Aim of the exercise:
Your answer must be the exact lines from the one with "全校が体育館に集まることがで" to the end of the data, both included, with no pictures.
[Dataset content Boundary: Start]
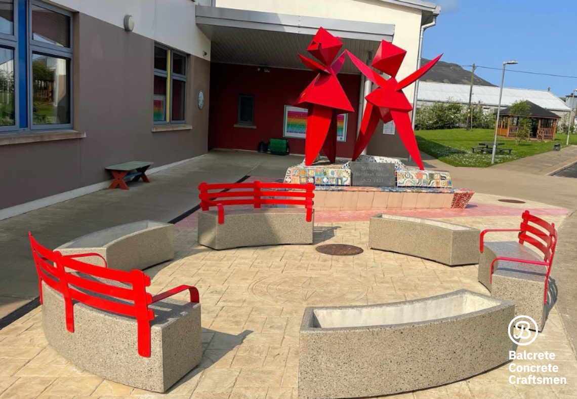Balcrete provided bespoke polished radius benches and planters, enhancing Clonmany National School’s outdoor area with functional and stylish seating solutions. The steel back and armrests of the benches were galvanized and powder-coated in a vibrant red to match a nearby monument. This project  added aesthetic value and comfort for the students and staff.
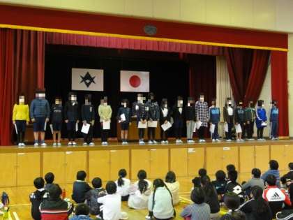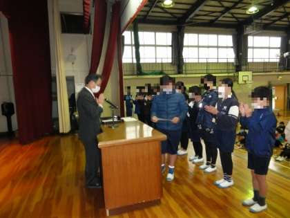 全校が体育館に集まることができませんので、今日は、6年生のみ集合し、学級代表や正副委員長の認証を行いました。
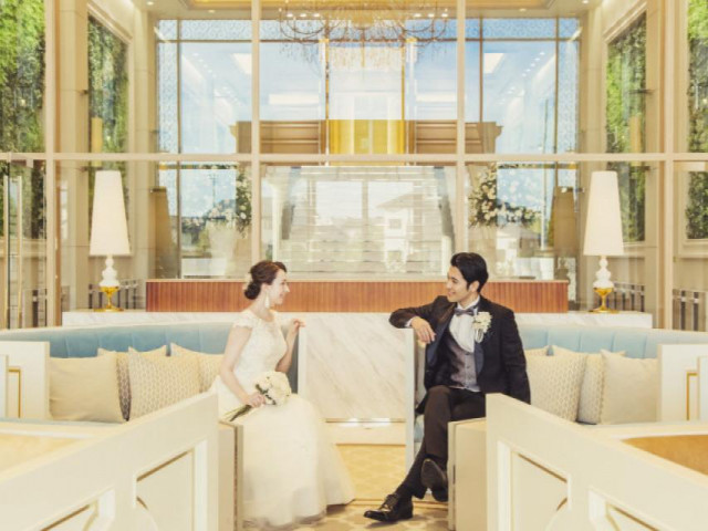 【憧れの階段入場を体験】高さ7mの開放感ある窓からは自然光がたっぷりと差し込み、プライベートテラスではガーデンパーティーも◎印象的な3Dプロジェクションマッピング演出も可!ゲストの記憶に残ることでしょう♪
[Dataset content Boundary: End]
Solution to this problem:
 全校が体育館に集まることができませんので、今日は、6年生のみ集合し、学級代表や正副委員長の認証を行いました。
 【憧れの階段入場を体験】高さ7mの開放感ある窓からは自然光がたっぷりと差し込み、プライベートテラスではガーデンパーティーも◎印象的な3Dプロジェクションマッピング演出も可!ゲストの記憶に残ることでしょう♪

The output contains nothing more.